Колька порозовел, у него залоснился нос. Но всех ярче переживает наслаждение едой Франка. Она вся светится радостью, часто хохочет, прикрывая при этом рот кулаком, чтобы ни одна крошка не выпала из жующего рта. Зоська, наевшись сметаны, сразу приваливается дремать к плечу Франки. Она во сне сопит от удовольствия и бормочет «м-м-м», — как сытый медвежонок.
Все подъедено. Вчистую!
Зоя перекладывает с опустевших тарелок гостей на наши тарелки куриные кости и все, что говорит об участии гостей в ужине, который был предназначен не для них. Я смотрю на нее вопросительно — зачем она это делает?
— Знаешь, наша мама, она такая… Она может рассердиться, — рассудительно объясняет мне Зоя. — Она ведь хочет, чтобы ели мы с Риткой, а не чужие дети.
Ребята сыты. Может быть, в первый раз в жизни они так наелись. Они удовлетворенно откидываются на спинки стульев. Антось похлопывает себя рукой по животу:
— Сыт пуп — наел круп…
И все хохочут.
— А я могу загадку сказать, — говорит Колька. — «Хожу я босиком, хотя я в сапогах, хожу на голове, хотя я на ногах»… Кто отгадает?
Таких умных среди нас не оказывается, никто не отгадывает.
И Колька с торжеством говорит разгадку: сапожный гвоздь!
Потом мальчики веселятся, запуская какой-то особенный Ритин волчок, который поет низко, как струна контрабаса.
Поиграть с Зосенькой ребятам не удается — она спит. Уговариваются, что завтра Франка принесет ее пораньше. Зосеньку выкупают в кукольной ванночке и оденут в кукольное платье…
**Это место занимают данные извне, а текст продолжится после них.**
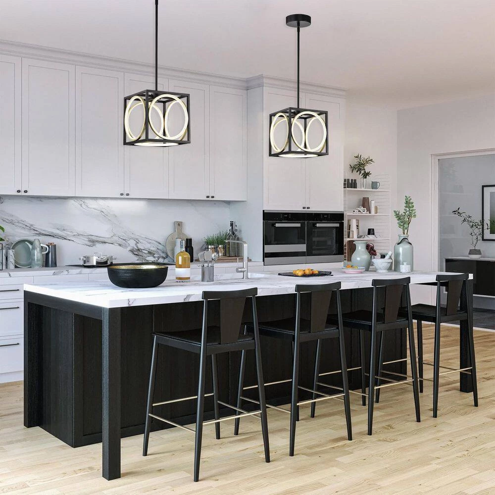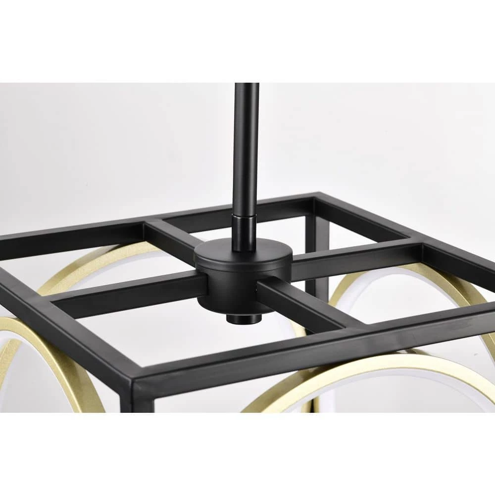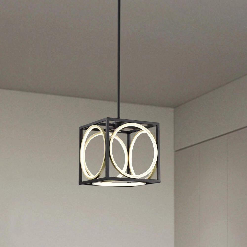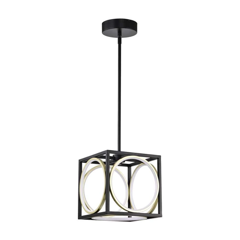 Create a modern atmosphere in the home with this geometric LED pendant light. This matte black and gold finish pendant light features a 24-Watt integrated LED light strip excellent for energy saving and cost efficiency while acting as an abundant light source. Place this light above the kitchen island, dining room, or home office to instantly update the room with modern style. For ease of installation, this contemporary pendant light comes with three 12 in. and one 6 in. rod that may be used separately or all together to create a custom hanging height perfect for any ceiling height or room size.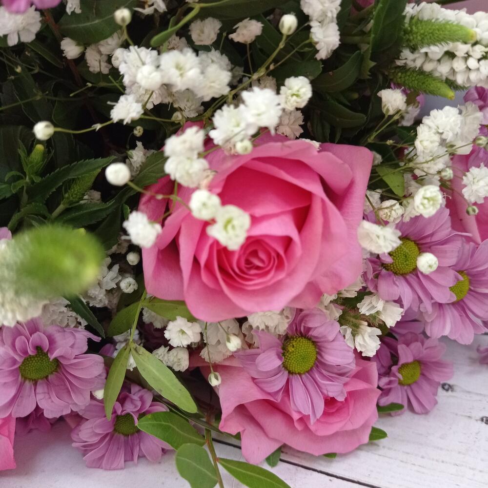 Букет из розовых кустовых роз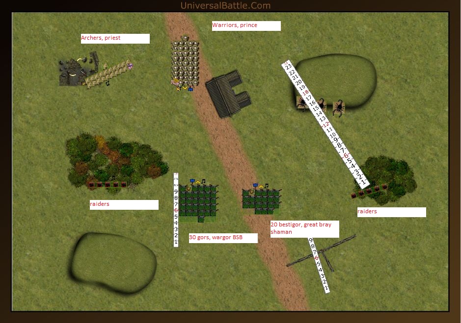 Warriors kill 1, prince inflicts 1 wound on shaman. Bestigors kill 2. Flee 4 inches, warriors pursue 10 inches and run into the gors.

Вошедшая Серафима Павловна с интересом оглядывает стол. Отлично — на Зоиной и Ритиной тарелках куриные кости, следы сметаны. Очевидно, девочки ели вместе со всеми. И она рада: затея ее удалась!
— Ну, ребята, теперь ступайте домой…
Колька говорит по-русски: «Спасибо». Антось и Франка благодарят по-польски. Уходя, Антось останавливается в дверях:
— Завтра приходить?
В глазах всех троих ребят — тревога и надежда.
Мы едем из Броварни в город.
Неподвижна на козлах парусиновая спина кучера Яна. Неподвижен сумеречный воздух. На светлом еще небе висит серп месяца, беленький и чистенький, как только что срезанный ножницами детский ноготок.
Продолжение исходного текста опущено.